**ASSIGNMENT**
Could you set down exactly the lines in the records below between the line holding "Ein Multifuktions-Outdoorbeil mit" and the line holding "total: 810 mm |", inclusive?

**RECORDS FOR THIS TASK**

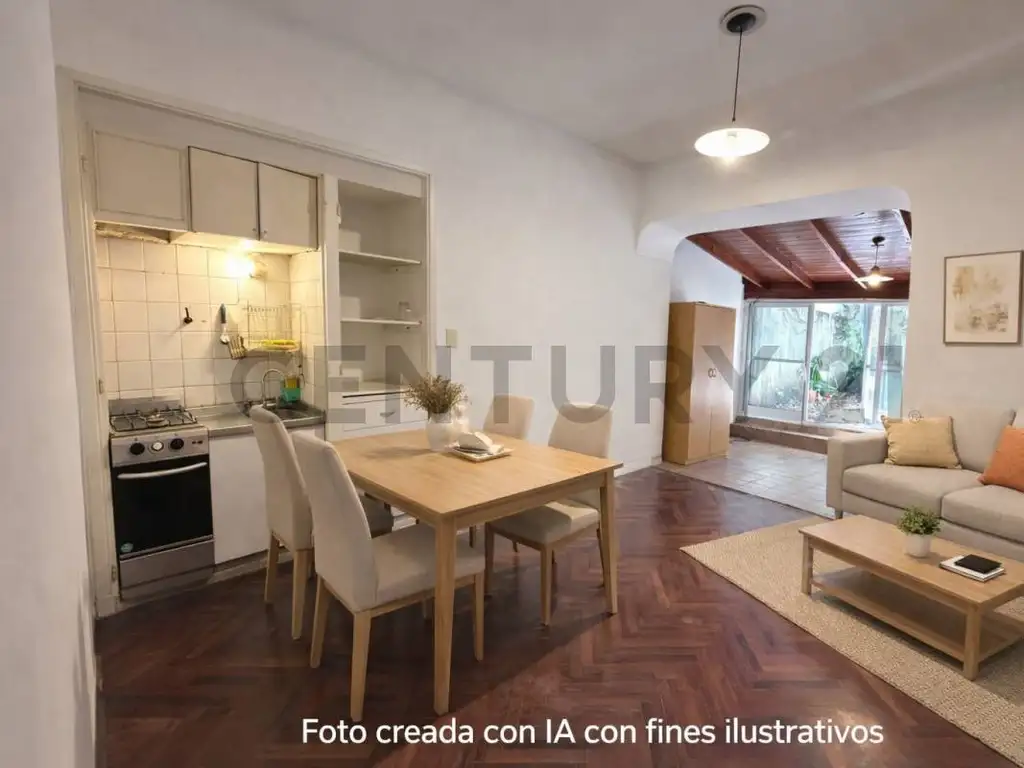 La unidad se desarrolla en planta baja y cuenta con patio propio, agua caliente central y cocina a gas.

* * *

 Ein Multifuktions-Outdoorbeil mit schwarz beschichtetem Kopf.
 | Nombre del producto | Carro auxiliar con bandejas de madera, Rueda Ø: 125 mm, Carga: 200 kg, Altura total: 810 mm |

**EXERCISE RESPONSE**
 Ein Multifuktions-Outdoorbeil mit schwarz beschichtetem Kopf.
 | Nombre del producto | Carro auxiliar con bandejas de madera, Rueda Ø: 125 mm, Carga: 200 kg, Altura total: 810 mm |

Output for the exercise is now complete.